As data gets more complex and applications of machine learning (ML) algorithms for decision-making broaden and diversify, traditional ML methods by minimizing an unconstrained or simply constrained convex objective are becoming increasingly unsatisfactory. To address this new challenge, recent ML research has sparked a paradigm shift in learning predictive models into non-convex learning and heavily constrained learning. Non-Convex Learning (NCL) refers to a family of learning methods that involve optimizing non-convex objectives. Heavily Constrained Learning (HCL) refers to a family of learning methods that involve constraints that are much more complicated than a simple norm constraint (e.g., data-dependent functional constraints, non-convex constraints), as in conventional learning.

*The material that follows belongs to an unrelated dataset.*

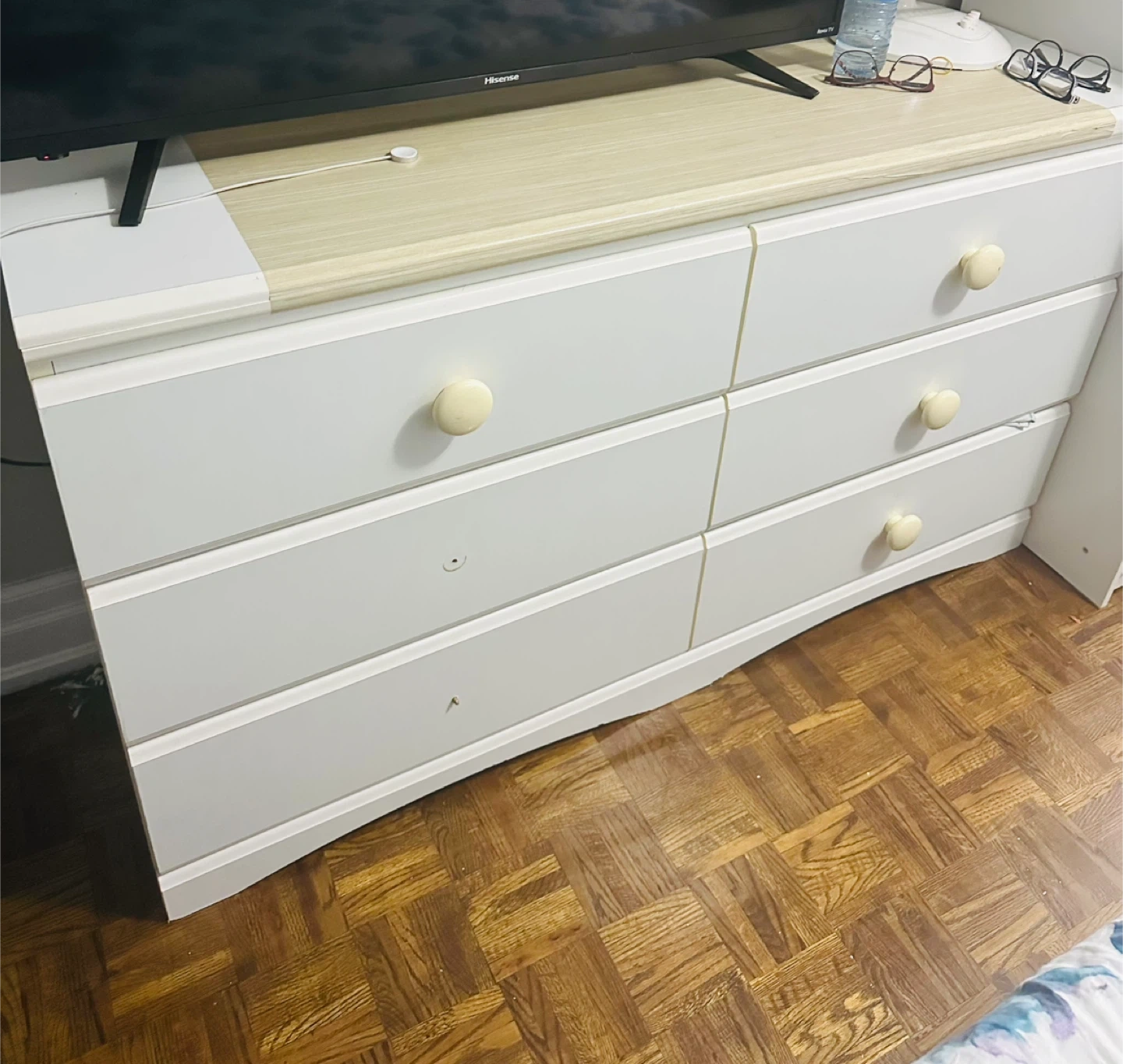 44Selling a white dresser with six drawers. It's in good condition and would be great for extra storage in a bedroom or closet! There are some minor signs of wear, as shown in the photos. Some wood chipped off on the top ( covered under the wooden coloured wallpaper) . 2 knobs available , the screws are missing . Smoke free pet free home

This paradigm shift has already created many promising outcomes: (i) non-convex deep learning has brought breakthroughs for learning representations from large-scale structured data (e.g., images, speech) (LeCun, Bengio, & Hinton, 2015; Krizhevsky, Sutskever, & Hinton, 2012; Amodei et al., 2016; Deng & Liu, 2018); (ii) non-convex regularizers (e.g., for enforcing sparsity or low-rank) could be more effective than their convex counterparts for learning high-dimensional structured models (C.-H. Zhang & Zhang, 2012; J. Fan & Li, 2001; C.-H. Zhang, 2010; T. Zhang, 2010); (iii) constrained learning is being used to learn predictive models that satisfy various constraints to respect social norms (e.g., fairness) (B. E. Woodworth, Gunasekar, Ohannessian, & Srebro, 2017; Hardt, Price, Srebro, et al., 2016; Zafar, Valera, Gomez Rodriguez, & Gummadi, 2017; A. Agarwal, Beygelzimer, Dudík, Langford, & Wallach, 2018), to improve the interpretability (Gupta et al., 2016; Canini, Cotter, Gupta, Fard, & Pfeifer, 2016; You, Ding, Canini, Pfeifer, & Gupta, 2017), to enhance the robustness (Globerson & Roweis, 2006a; Sra, Nowozin, & Wright, 2011; T. Yang, Mahdavi, Jin, Zhang, & Zhou, 2012), etc. In spite of great promises brought by these new learning paradigms, they also bring emerging challenges to the design of computationally efficient algorithms for big data and the analysis of their statistical properties.

查看原文本刊更多论文

推进非凸学习和约束学习:挑战与机遇

随着数据变得越来越复杂，机器学习(ML)算法在决策中的应用越来越广泛和多样化，传统的ML方法通过最小化无约束或简单约束的凸目标变得越来越不令人满意。为了应对这一新的挑战，最近的机器学习研究引发了学习预测模型向非凸学习和严重约束学习的范式转变。非凸学习(NCL)是指一系列涉及优化非凸目标的学习方法。重度约束学习(HCL)是指一系列学习方法，这些方法涉及比简单规范约束复杂得多的约束(例如，依赖数据的功能约束，非凸约束)，就像传统学习一样。这种范式转变已经产生了许多有希望的结果:(i)非凸深度学习为从大规模结构化数据(例如，图像，语音)中学习表征带来了突破(LeCun, Bengio， & Hinton, 2015;Krizhevsky, Sutskever， & Hinton, 2012;Amodei et al.， 2016;邓&刘，2018);(ii)非凸正则化器(例如，用于加强稀疏性或低秩)在学习高维结构化模型(c - h)方面可能比凸正则化器更有效。Zhang & Zhang, 2012;范杰、李，2001;学术界。张,2010;张涛，2010);(iii)约束学习被用于学习满足各种约束的预测模型，以尊重社会规范(例如，公平性)(B. E. Woodworth, Gunasekar, Ohannessian， & Srebro, 2017);Hardt, Price, Srebro等，2016;Zafar, Valera, Gomez Rodriguez， & Gummadi, 2017;A. Agarwal, Beygelzimer, Dudík, Langford， & Wallach, 2018)，以提高可解释性(Gupta et al.， 2016;Canini, Cotter, Gupta, Fard， & Pfeifer, 2016;You, Ding, Canini, Pfeifer， & Gupta, 2017)，以增强鲁棒性(Globerson & Roweis, 2006a;Sra, Nowozin， & Wright, 2011;杨涛，马大维，金，张，周，2012)等。尽管这些新的学习范式带来了巨大的希望，但它们也给大数据计算高效算法的设计和统计特性的分析带来了新的挑战。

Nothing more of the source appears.